Pointing to Darktrace's core principles, Eagan said the vendor likened security to the human immune system, which was able to combat various infections whilst having an inert sense of "what's self and not-self". Machine learning capabilities needed to emulate that concept, so it could build patterns for the user and device and identify what was not behaving naturally, she noted.
Potential tensions between privacy and need for data access
Hershman noted, though, that analytics required access to pertinent data. The more comprehensive and near real-time, the more effective the insights, he said, adding that many had faced frustration over incomplete or unavailability of data. This was due to several reasons including protocols related to classified information, privacy laws, as well as inefficiencies and uncoordinated efforts.
A delegate then asked how this could impact tensions between privacy and security, especially as governments, in particular the US, sometimes overstepping the boundaries and the European Union especially sensitive about the need to protect data privacy.
Jamie Wylly, Microsoft's general manager of public safety and national security worldwide public sector, acknowledged it was a difficult line to balance. He said the software vendor managed this by requiring court orders for access to its data.
"What the industry will push back on is broad sweeping [requests] for customer information," Wylly said, adding that vendors would want to comply with accurate and proper requests for data. "Customers want their privacy and we need to continue to not allow a broad sweep [for access]."

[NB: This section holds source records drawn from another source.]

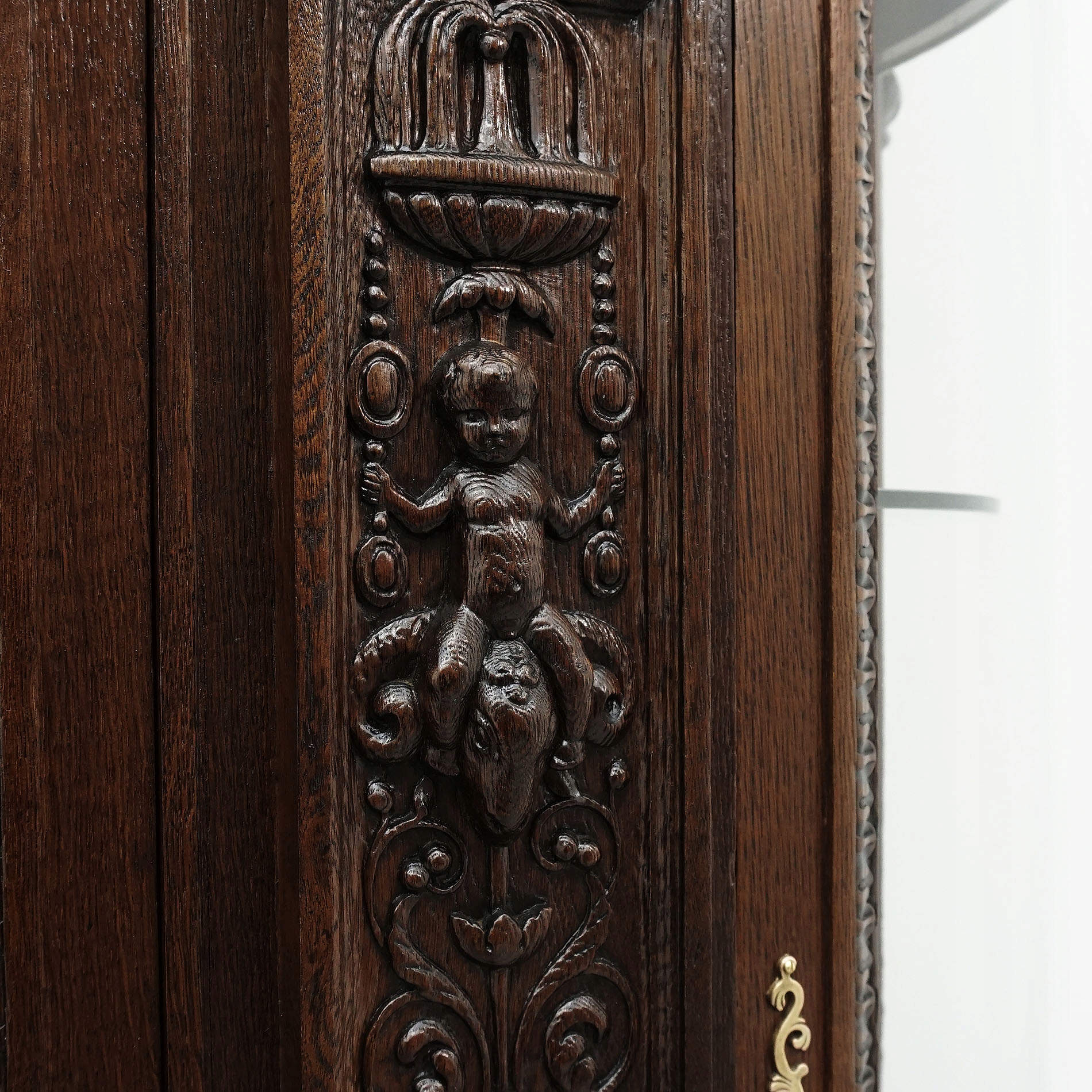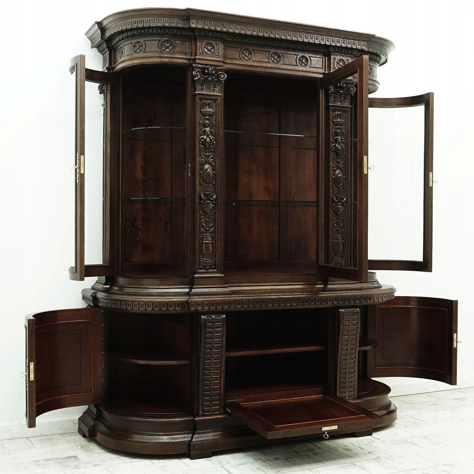 Эта жемчужина мебели, глубоко укорененная в традициях дизайна эпохи Возрождения, выделяется своей впечатляющей формой. Его фасад украшен замысловатыми резными деталями, которые являются настоящей данью мастерству ремесленников эпохи Возрождения. Растительные, животные и геометрические мотивы гармонично сочетаются друг с другом, создавая необычные композиции. Витрина имеет массивные, выпуклые фасады, украшенные изящными рельефами и сложными ручками, которые придают им элегантный характер и разнообразят внешний вид. Тонкие линии и пропорции подчеркивают его классический и неподвластный времени шарм, в то же время вписываясь в современный интерьер. Шкаф-витрина – это не только функциональный предмет мебели, но и настоящее произведение искусства, которое придает интерьеру неповторимый шарм и характер, одновременно являясь сувениром. золотая эра мастерства и дизайна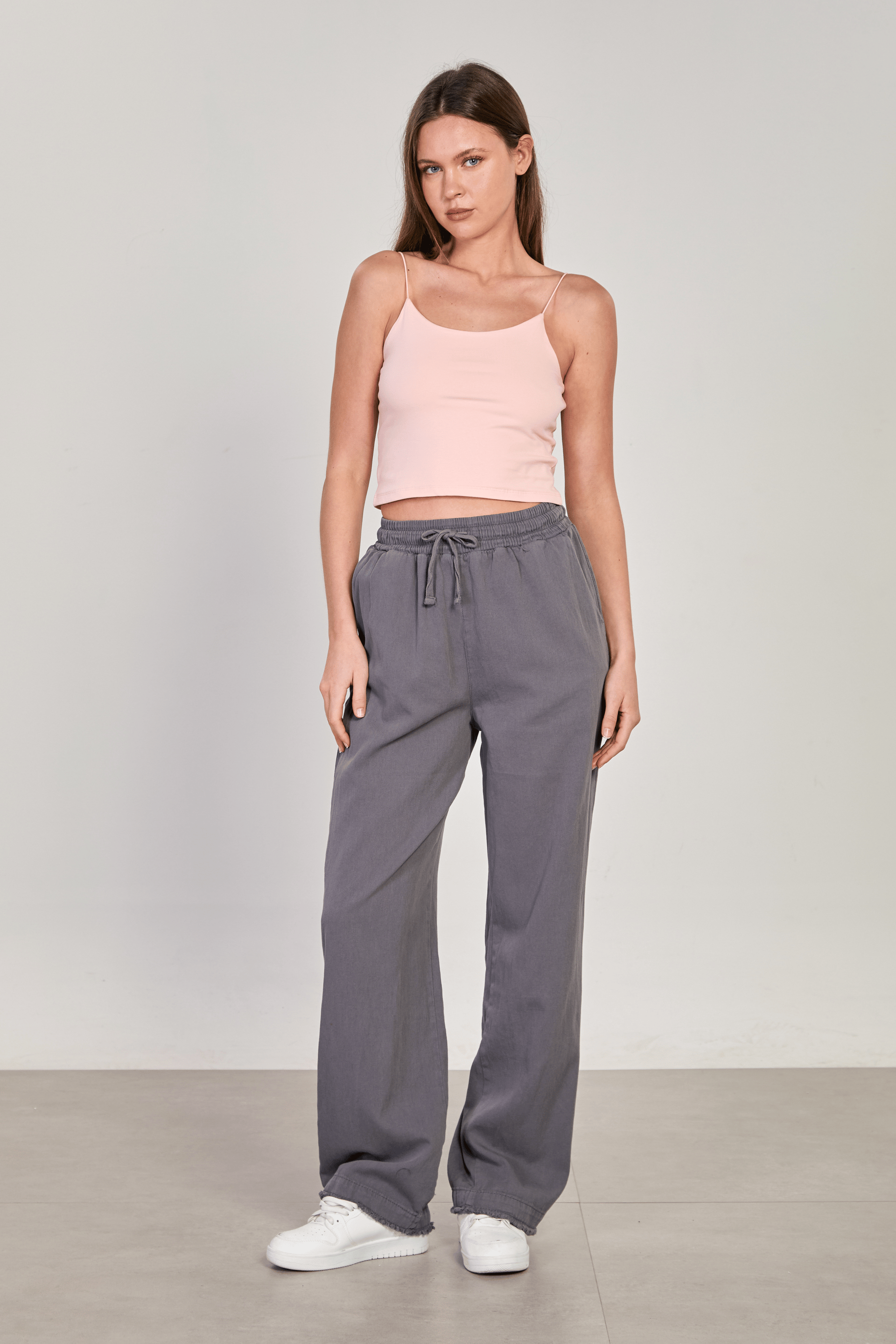 بنطلون ساتان واسع الساق بتصميم مهترئ، بخصر مطاطي وجيب مزدوج، يجمع بين الراحة والأناقة العصرية.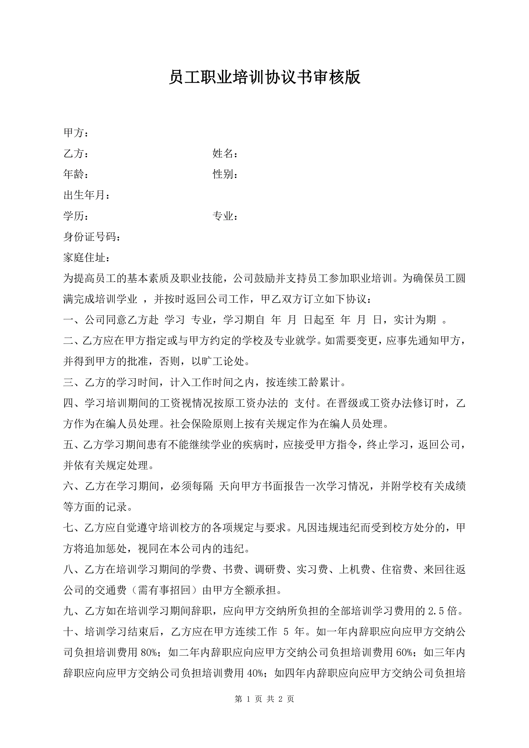 员工职业培训协议书审核版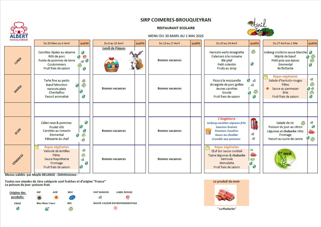 Voici le menu de la restauration scolaire du SIRP Brouqueyran - Coimères pour le mois d'AVRIL 2026.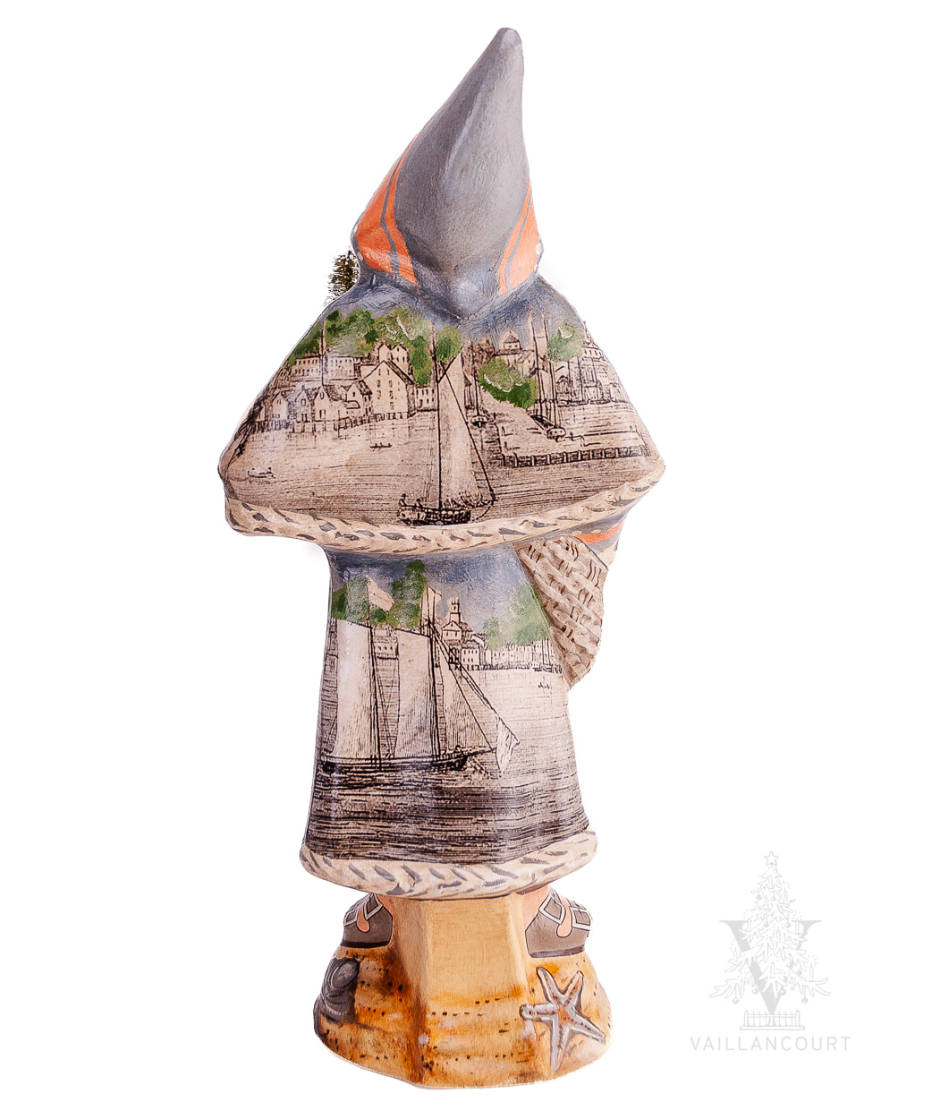 The third Santa of a Provincetown series, this piece was designed exclusively for Monty’s using a reproduction engraving of the historic town drawn by John Warner Barber. Provincetown was just one of 200 Massachusetts towns featured with an engraved view in the book, Historical Collections, History and Antiquities of EVERY Town in Massachusetts, published in Worcester, Massachusetts by Dorr, Howland & Co. in 1839. The engraving has been decoupaged onto the Santa’s coat.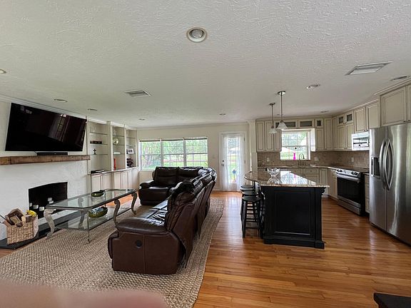 Direct pond viewOpen concept family roomWood burning fireplaceBeautiful hardwood floors
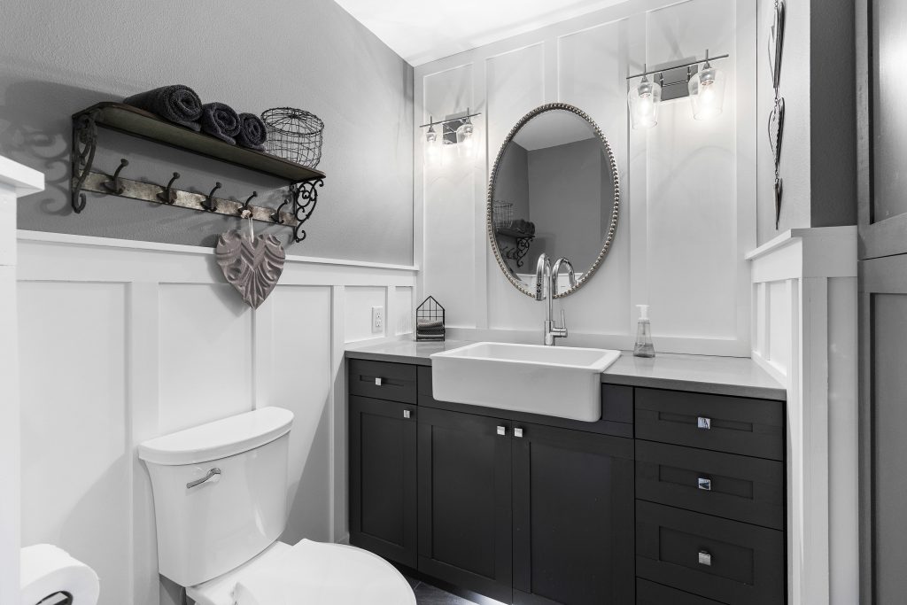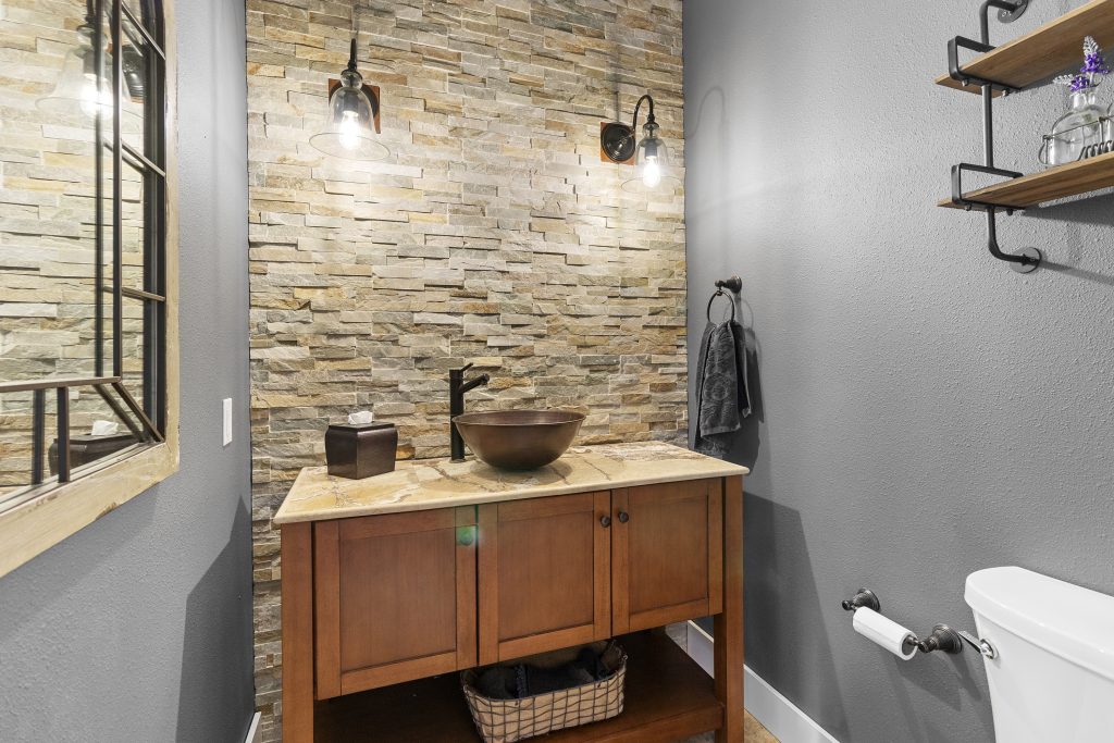 Powder room – vanity with copper vessel sink, stacked stone wall.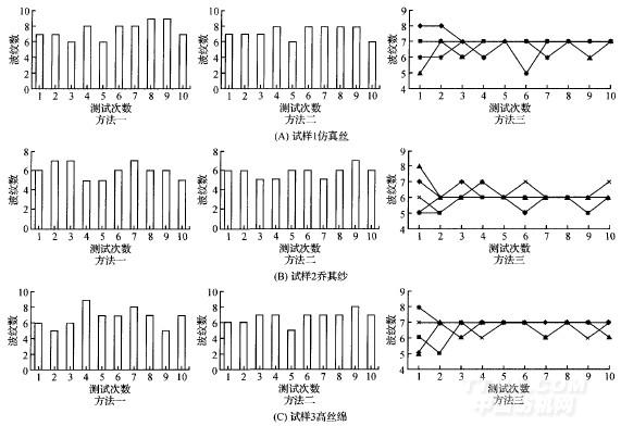 根據(jù)上述三種方法測(cè)得的5種試樣的靜態(tài)懸垂形態(tài)圖及其懸垂形態(tài)參數(shù),以波紋數(shù)為例來(lái)進(jìn)行具體分析。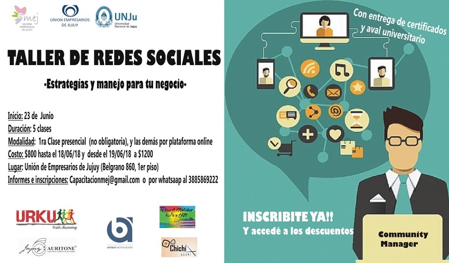 La comisión de Mujeres Empresarias de la Unión Empresarios y la Universidad Nacional de Jujuy dictarán el taller “Manejo y Estrategias de redes sociales para tu negocio” desde este sábado 23 de junio hasta el 16 de julio.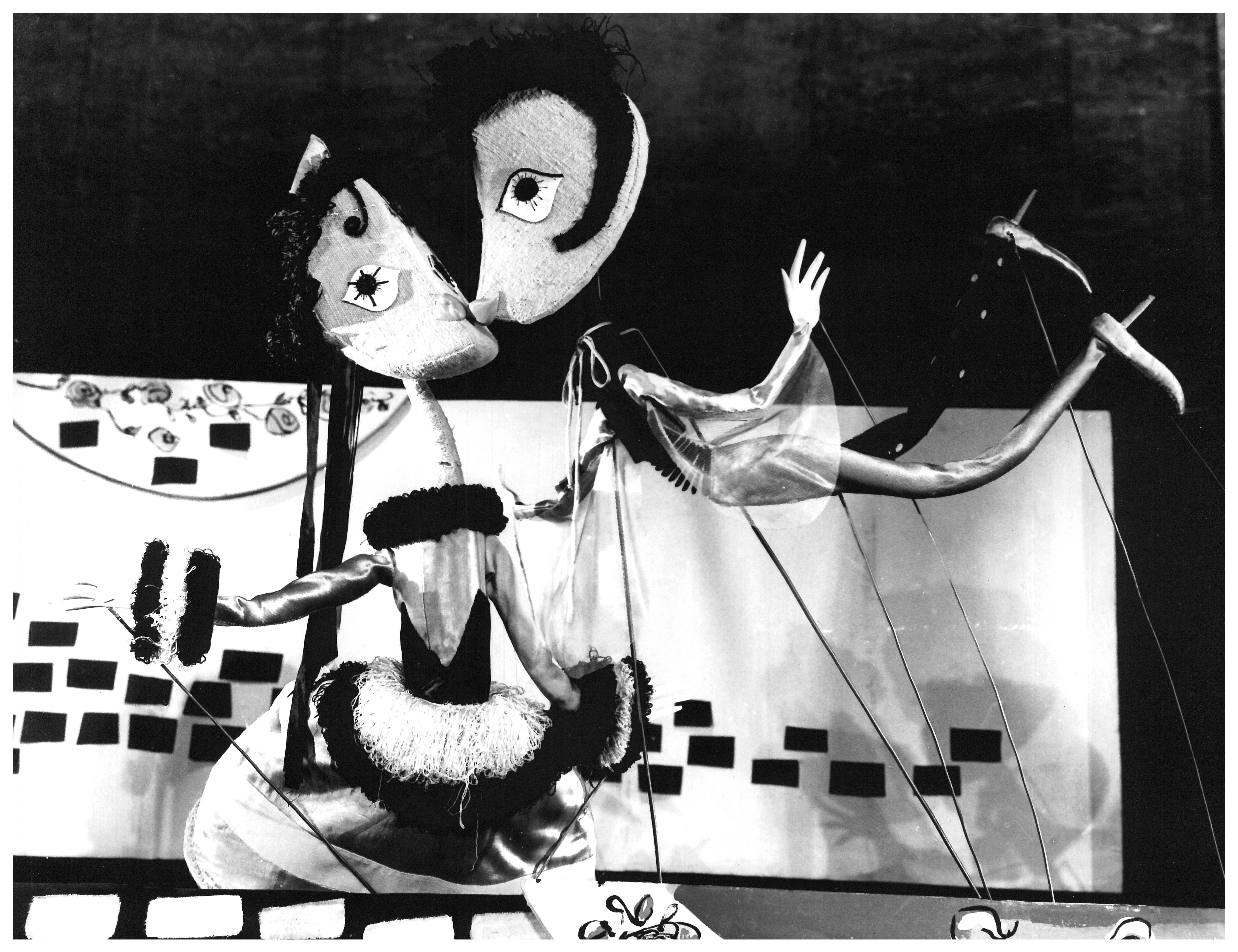 Fotografi fra Tandarica Teaters produksjon Don Christobals tre koner (1965). Produksjonen var på turné med Riksteatret i 1970.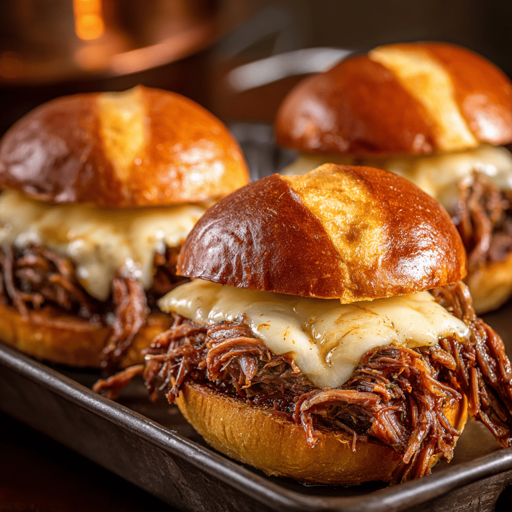 Yes! This recipe is perfect for meal prep. Store shredded beef and au jus separately in airtight containers. Reheat gently before assembling sandwiches.

"Data sharing isn't a technical challenge. It's a policy challenge of organisations that want to work with each other," he said. "There's always a debate of what cloud companies that hold customer data and the need to protect [that data] versus the need to work with the government's need for data. The answer is a court order."
Hershman said it did not necessarily mean privacy and security were "incompatible", noting that losing one or the other would not be in the best interests of everyone involved.
He also stressed the need to establish trust to drive collaboration between government, private companies, and civil societies. This meant ensuring clear communication and transparency from law enforcement, which needed to better communicate their values and ethics.